For one, our laws must adapt to the novel challenges these technologies present. Specifically, trade secret law should not serve to bar defendants from raising and investigating valid due process questions. As scholars have noted, the law and policy governing trade secrets must be reformed to account for the individual rights and social interests at stake.45 Protections meant to safeguard a company’s economic interests should not be blindly applied where legitimate issues of social justice are implicated.46

In addition, data scientists must work with the state to develop ways to mitigate algorithmic prejudice and potential feedback cycles. It would be difficult to fully strip data of its structural and historical biases. However, research can be done to flag the types of data points that are most prone to racial bias. Algorithms can then be trained to weigh those data points less heavily, or to compute them in a manner that minimizes the probability of promoting racial disparity.47

But most of all, there must be a broader discussion among policymakers regarding the role machine intelligence should play in our judicial system as a whole. Fortunately, this discussion need not start from scratch. At a developer conference in 2016, Microsoft CEO Satya Nadella shared his approach to AI. First, machine intelligence should augment rather than displace human decisionmaking; second, trust must be built directly into new technology by infusing them with modes of transparency and accountability; and third, technology must be inclusive and respectful to everyone.48 Principles such as these must anchor and guide future policy discussions regarding AI and criminal justice, in which the need for judicial efficiency must be balanced against society’s interests in judicial fairness, transparency, and racial equality.

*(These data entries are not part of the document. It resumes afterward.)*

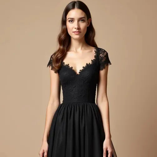 Regardless of the color you select for your dress, the white, black, or ivory lace accents will remain consistent. This applies to designs where the bodice and skirt are in different colors, maintaining a harmonious and sophisticated aesthetic.
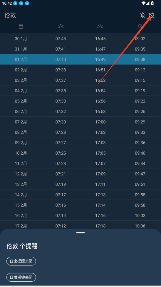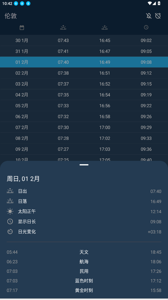 3、点开当前日期可以查看具体显示日长及各种日出时间。
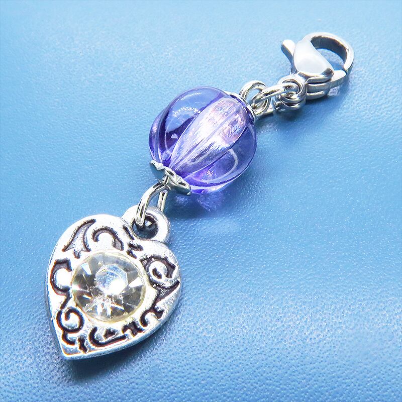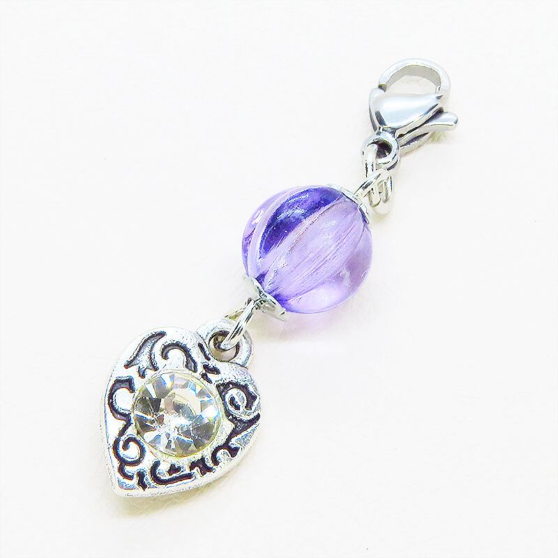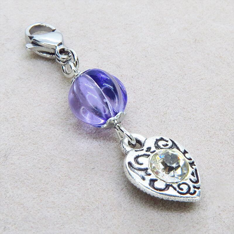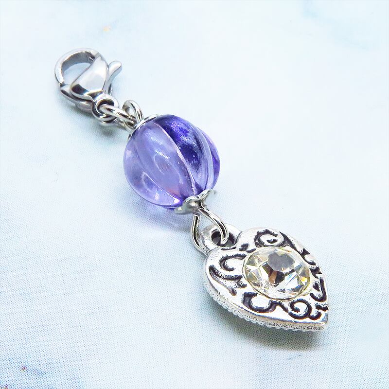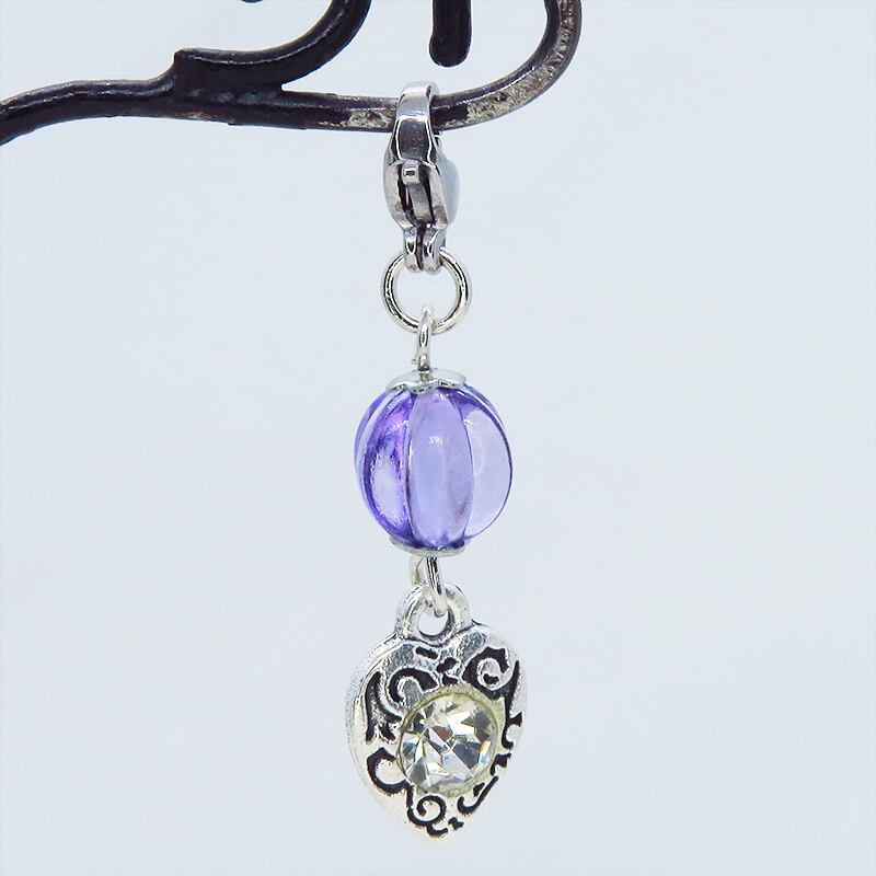 アンティークシルバーの落ち着いた輝きと深みのあるバイオレットカラーのビーズが、お手持ちのアイテムに上品な華やかさを添えるチャームです
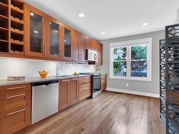 No. 33 47th Street, a glowing three-story Colonial style single-family residence built atop The Palisades, is superlatively located only half a block off of Boulevard East, which promises both a breezy commute and panoramic storybook views of one of the most iconic vistas in the world: New York City as seen from elevated above the Hudson River. Situated on an impressive 28'x100' lot, the home offers three levels of thoughtfully laid out living space, 5 Bedrooms, 2.5 Bathrooms, a wondrous array of closets and storage solutions throughout, as well as a full Basement with Laundry Room and a manicured back yard which seamlessly transitions from tiled Patio to lush Lawn. The entire home was meticulously reimagined from the ground up to exacting standards in 2016 and modernized with two-zone Central AC and Heat, GAF Timberline Shingle Roof with plywood roof sheeting, double-hung TrustGuard windows, energy-efficient exterior insulation, recessed lighting and a host of key plumbing and mechanical upgrades. The first floor offers generously proportioned, open living space that uniquely allows for uncompromised, easy living day-to-day and effortless entertaining of large parties of family and friends. Red Oak hardwood floors unite the Sitting Room, Living Room, Dining Room and Kitchen in crisp harmony, and lead directly to the Patio and Lawn in the back yard. A Powder Room and Mud Room provide added convenience. The home's original banister winds up the stairs to the second floor, which is highlighted by a Master Bedroom with a wall-full of custom-built closets, original pressed-tin ceiling and a bay window with views of New York City, a Bathroom with dual-vanity, tile floors and walk-in shower, and two additional South-facing Bedrooms. The third floor is comprised of a full Bathroom with dual-vanity and tub, two Bedrooms on opposite ends (one with a bay window with views of New York City, one with a tremendous storage area), and a remarkable Office / Walk-In Closet with skylight in the middle. The full Basement is a paradise of boundless storage opportunity as well as home to a Laundry Room with a side-by-side Washer/Dryer and a sink. No. 33 47th Street is located just half a block from the NJ Transit bus stop on Boulevard East (47/48th St) which features three separate bus lines that offer a constant flow of direct service to New York City. It is also easily walkable to the both the NY Waterways Ferry and HBLR Light Rail at Port Imperial, the HBLR Light Rail at Bergenline Avenue, Louisa Park, Old Glory Park and Hamilton Park (all of which overlook the Hudson River and the entirety of New York City) on Boulevard East, as well as an impressive range of restaurants and shops on Park Avenue, Hudson Avenue and Boulevard East.

As there are signs we are edging towards a PreCrime-like future in more ways than one,49 we find ourselves at a critical juncture. If we proceed without due consideration of the risks these algorithms pose, we may find ourselves relying far too much on technologies we do not fully understand. We may unwittingly begin perpetuating past injustices on a widespread, systematic level. And chillingly, we may be headed for a future where individuals are regularly condemned for prospective crimes they may never commit. And that, we may agree, is a future best left for the realm of science fiction.